THE Tourism Infrastructure and Enterprise Zone Authority (Tieza) has failed to pay income taxes amounting to P69 million for 12 years. The Commission on Audit (COA) also could not validate various transactions made by Tieza entities amounting to at least some P15 million due to non-submission of reports, vouchers and/or supporting documents last year.
Tieza is a government firm overseen by the Department of Tourism and tasked to oversee the creation of tourism economic zones and build tourism-related infrastructure.
In its letter to Tieza’s board of directors in May, the COA said “the Tieza Regulatory Office (TRO), which was created to regulate the joint venture company—Boracay Island Water Co. Inc. [Biwci]…did not pay taxes on its annual income paid by BIWCI for calendar years 2009 to 2021 estimated at P69 million inclusive of basic tax, interests, surcharges and compromise charges.”
The BIWCI was established pursuant to the concession agreement between Tieza and the water firm, a unit of the Manila Water Co. COA, however, found the TRO failed to apply for a registration and a tax identification number with the Bureau of Internal Revenue.
Last year, Tieza assets like the Banaue Hotel and Youth Hostel could not submit documents to support IT consultancy services, procurement for food supplies and construction materials and payroll of job-order hotel workers, totaling P13.09 million.
Also unsupported were the payment of Covid hazard pay as well as repairs and maintenance at the Zamboanga Golf Course and Beach Park amounting to P1.87 million. No financial reports were submitted covering the Gardens of Malasag and Ecotourism Village and the Balicasag Island and Dive Resort, according to the COA.
Two-fold increase in net loss
THE Tieza also has an “unaccounted and unreconciled balance of P379.38 million [at cost] between the results of physical count against the balance recorded in the books of accounts,” which is why the COA rendered a “qualified opinion” on the government firm’s financial statements in 2021.
The Tieza’s net loss ballooned by 107 percent to P952.78 million in 2021, on a 47-percent plunge in income and higher expenses of P1.4 billion, compared to expenses of P1.31 billion in 2020.

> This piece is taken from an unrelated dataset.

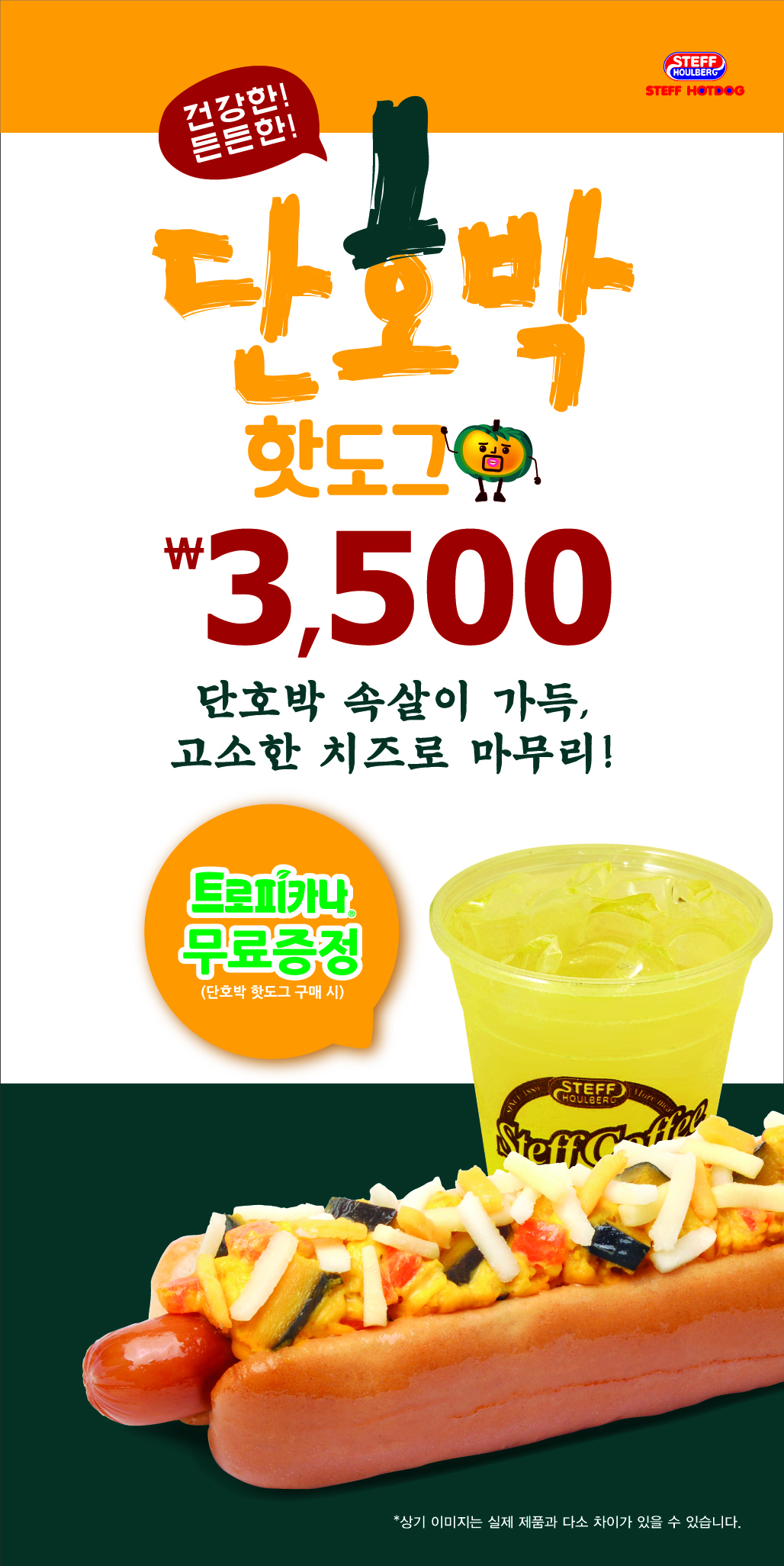 이번 신메뉴는 단호박 샐러드를 핫도그 토핑으로 활용, 덩어리째 씹히는 단호박의 든든함과 샐러드에서 주는 신선함을 동시에 느낄 수 있는 건강한 핫도그라고 스테프핫도그 측은 설명했다.

Tieza, formerly the Philippine Tourism Authority, was marked with some P208.63 million in total audit suspensions, disallowances and charges as of December 31, 2021. Tieza will be continuing to privatize its assets but wants to retain the proceeds for its use. (See, “Tieza eyes change in Tourism Act to keep asset sale proceeds,” in the BusinessMirror, July 11, 2022.)
The COA found Tieza had acquired property, either through purchase or donation, amounting to some P114.24 million, but these “remained untitled to date, casting doubt whether [the firm] holds or controls the right to these properties. The state auditor suggested the government firm “consider filing necessary legal actions against individuals claiming over ownership of land acquired by Tieza if warranted.”
There were about P121.29 million in discrepancies due to unreconciled balances between the confirmed and booked amounts due from local government units (LGUs) and from national government agencies (NGAs). Tieza transfers funds to LGUs and NGAs to develop tourism-related projects. Tieza, however, failed to receive several liquidation reports from LGUs and NGAs, thus the discrepancies, despite the issuance of demand letters.
Charity is not firm’s mandate
THE COA found that Tieza units basically failed to consistently monitor the fund transfers. For instance, COA noted there were fund transfers made to LGUs amounting P748,000 that had been unutilized and should have been returned to Tieza, which could have used it for other projects.
The Tieza also did not recover made advance payments to contractors amounting to P2.88 million for four contracts, but whose projects were terminated from 2017 to 2019.
The firm extended P775,000 in “charitable donations/financial assistance” to several individuals, which was beyond the scope of its mandate to develop tourism infrastructure. The aid was meant to help individuals with death in their family, damages due to typhoons and Covid-related emergencies.
“These payees could have been referred to appropriate government agencies,” such as the Department of Social Welfare and Development or the Philippine Charity Sweepstakes Office, the COA said.